__RECORDED DATA__.
+===+

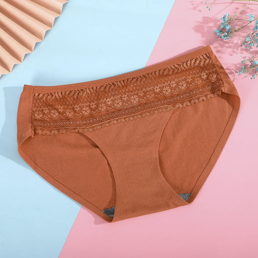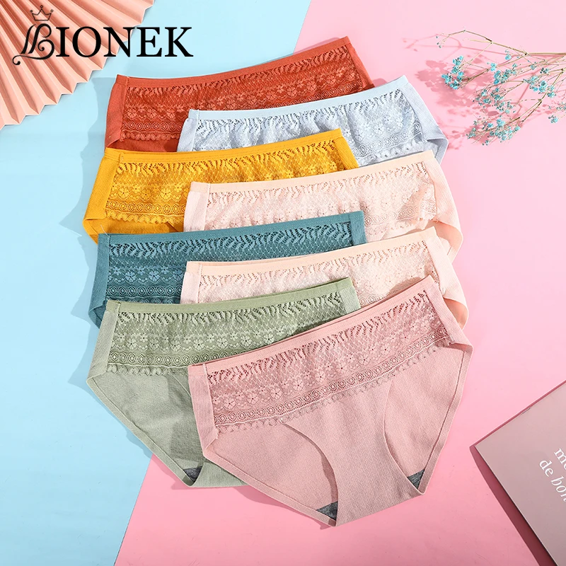 Трусики BIONEK женские из мягкого хлопка, пикантные удобные кружевные брифы, дамское нижнее белье, графитовые Повседневные трусики
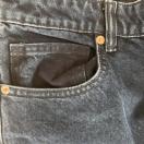 ブラックのストレートレッグマムジーンズ、バックポケット付き。
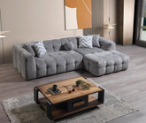 - Luxurious Boucle Fabric: Upholstered in a soft, textured boucle fabric in a warm gray hue, this sectional combines timeless elegance with ultimate comfort.
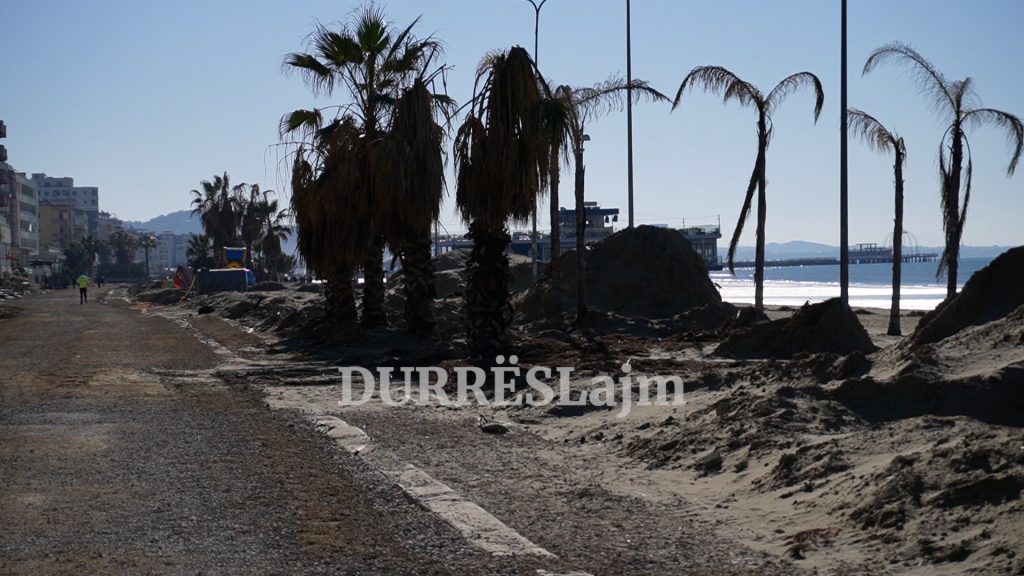 Përveç pedonales 7 metra të gjerë, ndërhyrja po realizohet edhe në det për të zgjeruar sipërfaqen ranore.
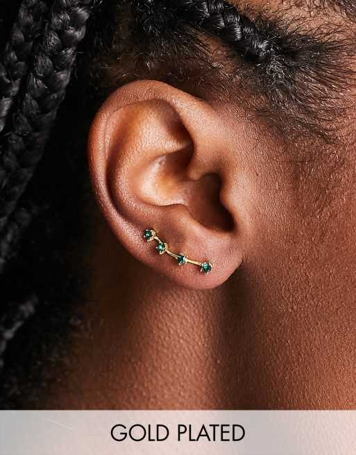 Kingsley Ryan sterling silver gold plated climber earrings with emerald stone
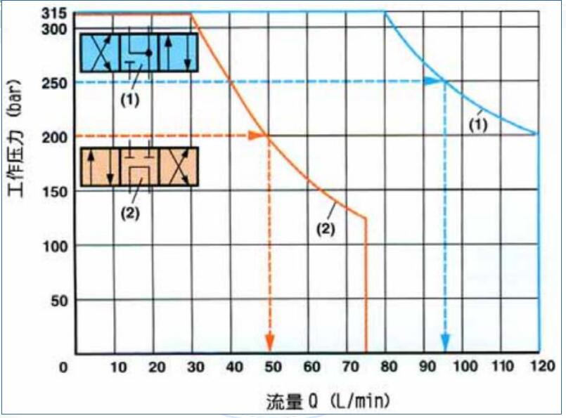 | 三位四通换向阀开关容量界限特性曲线 | ||
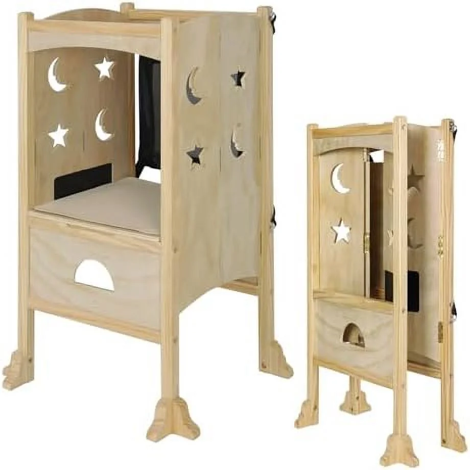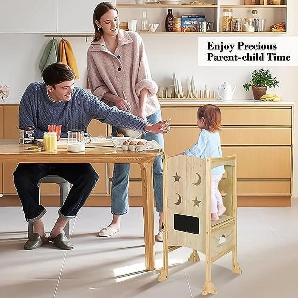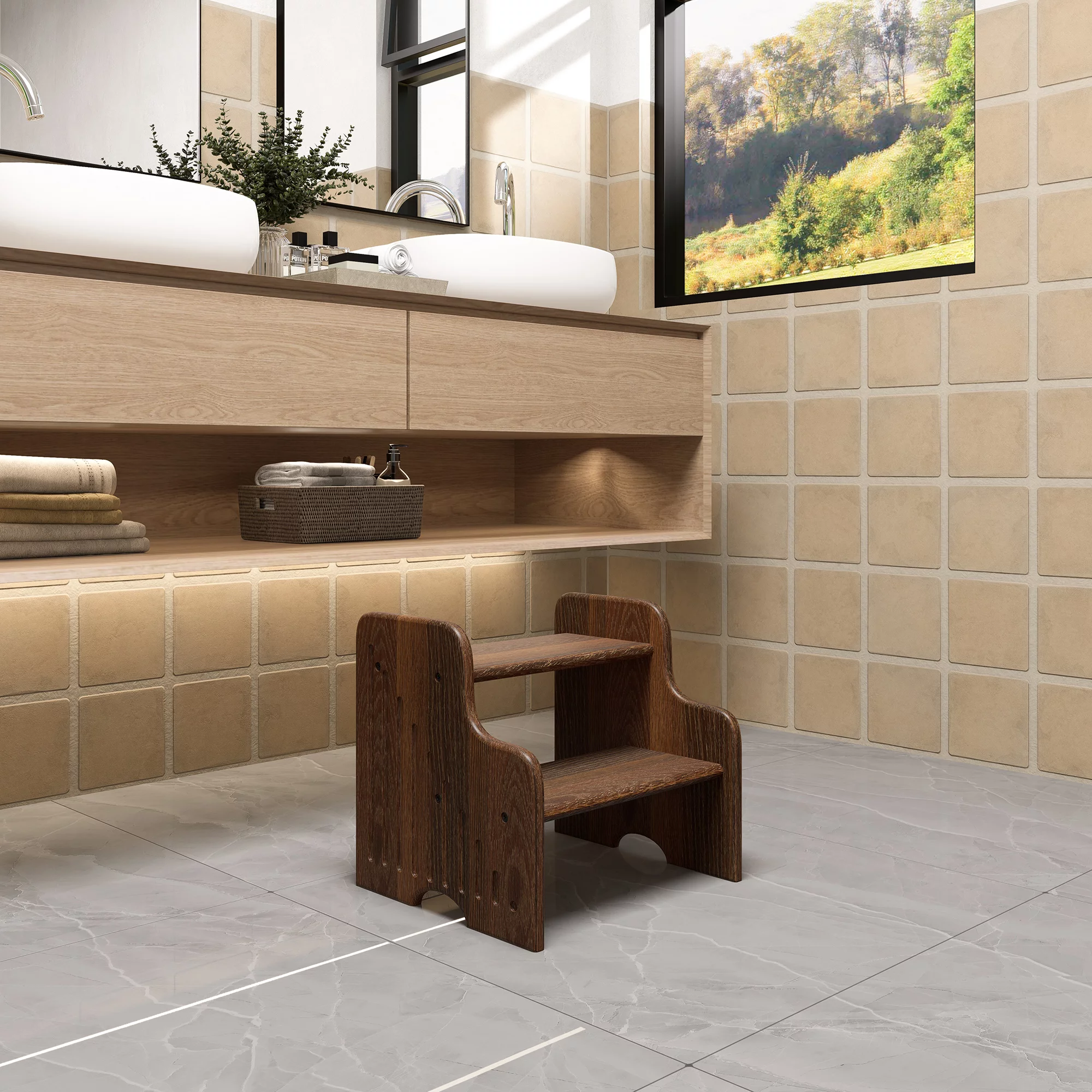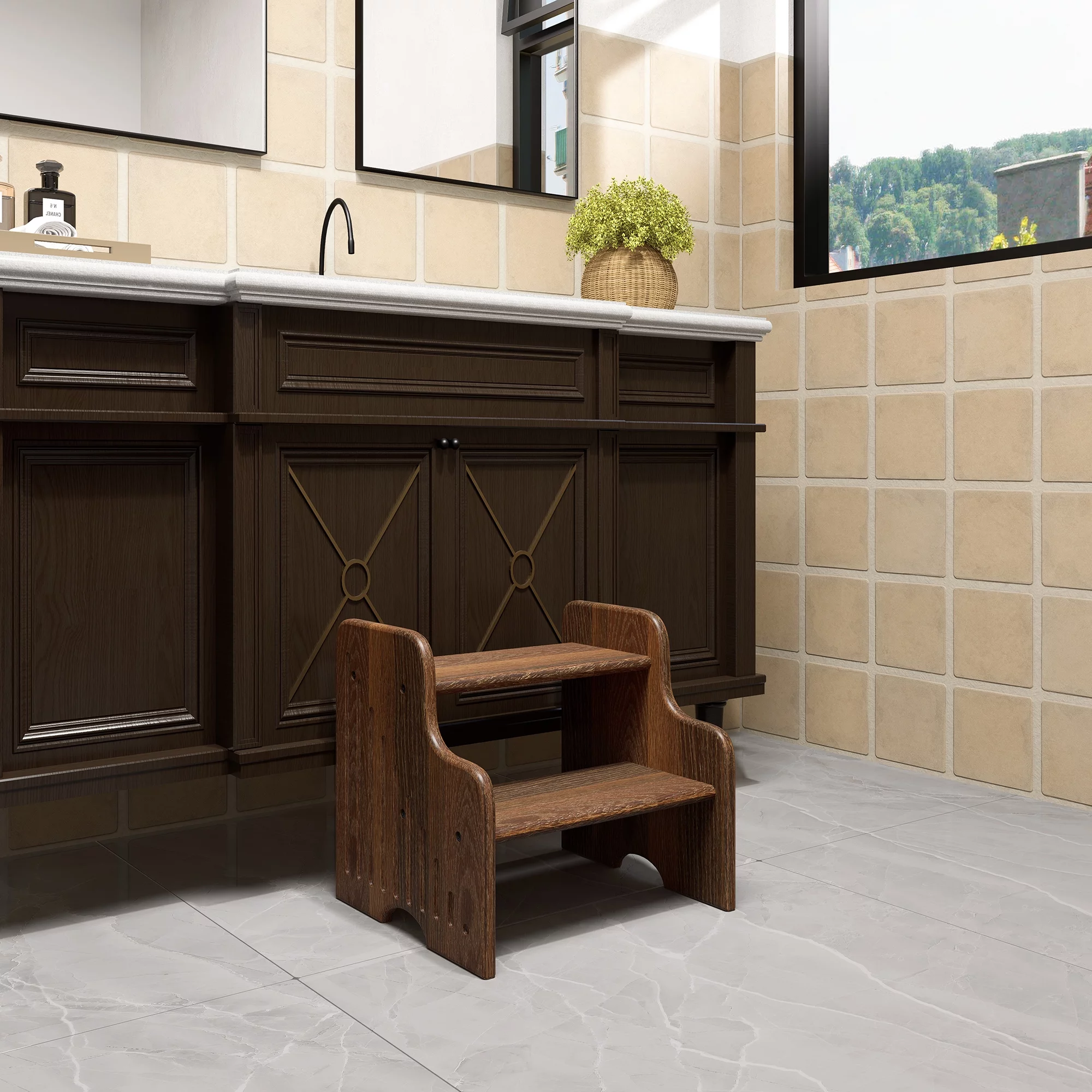 CONSDAN Hardwood Oak 2-Tier Step Stool, Kids Stool for Bathroom Kitchen Toilet, Natural Color, Chocolate Color
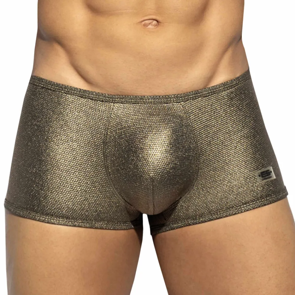 Boxer luxueux en microfibre métallisée brillante. Tissu recyclé, extensible, doux et confortable. Bordures élastiquées. Coupe taille basse ajustée. Etiquette ES Collection en silicone sur la cuisse gauche.
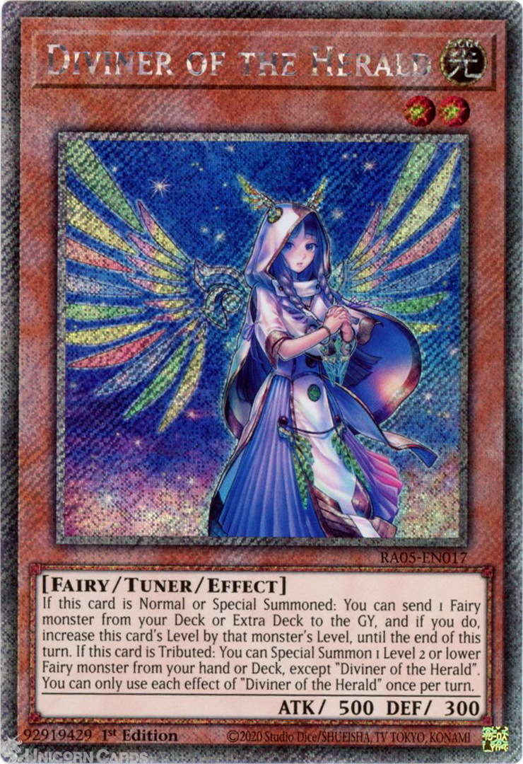 - RA05-EN017 Diviner of the Herald : Platinum Secret Rare 1st Edition Mint YuGiOh Card

+===+

__PROMPT__.
Retype the data word for word, please, and keep the images out.

__ANSWER BOX__.
 Трусики BIONEK женские из мягкого хлопка, пикантные удобные кружевные брифы, дамское нижнее белье, графитовые Повседневные трусики
 ブラックのストレートレッグマムジーンズ、バックポケット付き。
 - Luxurious Boucle Fabric: Upholstered in a soft, textured boucle fabric in a warm gray hue, this sectional combines timeless elegance with ultimate comfort.
 Përveç pedonales 7 metra të gjerë, ndërhyrja po realizohet edhe në det për të zgjeruar sipërfaqen ranore.
 Kingsley Ryan sterling silver gold plated climber earrings with emerald stone
 | 三位四通换向阀开关容量界限特性曲线 | ||
 CONSDAN Hardwood Oak 2-Tier Step Stool, Kids Stool for Bathroom Kitchen Toilet, Natural Color, Chocolate Color
 Boxer luxueux en microfibre métallisée brillante. Tissu recyclé, extensible, doux et confortable. Bordures élastiquées. Coupe taille basse ajustée. Etiquette ES Collection en silicone sur la cuisse gauche.
 - RA05-EN017 Diviner of the Herald : Platinum Secret Rare 1st Edition Mint YuGiOh Card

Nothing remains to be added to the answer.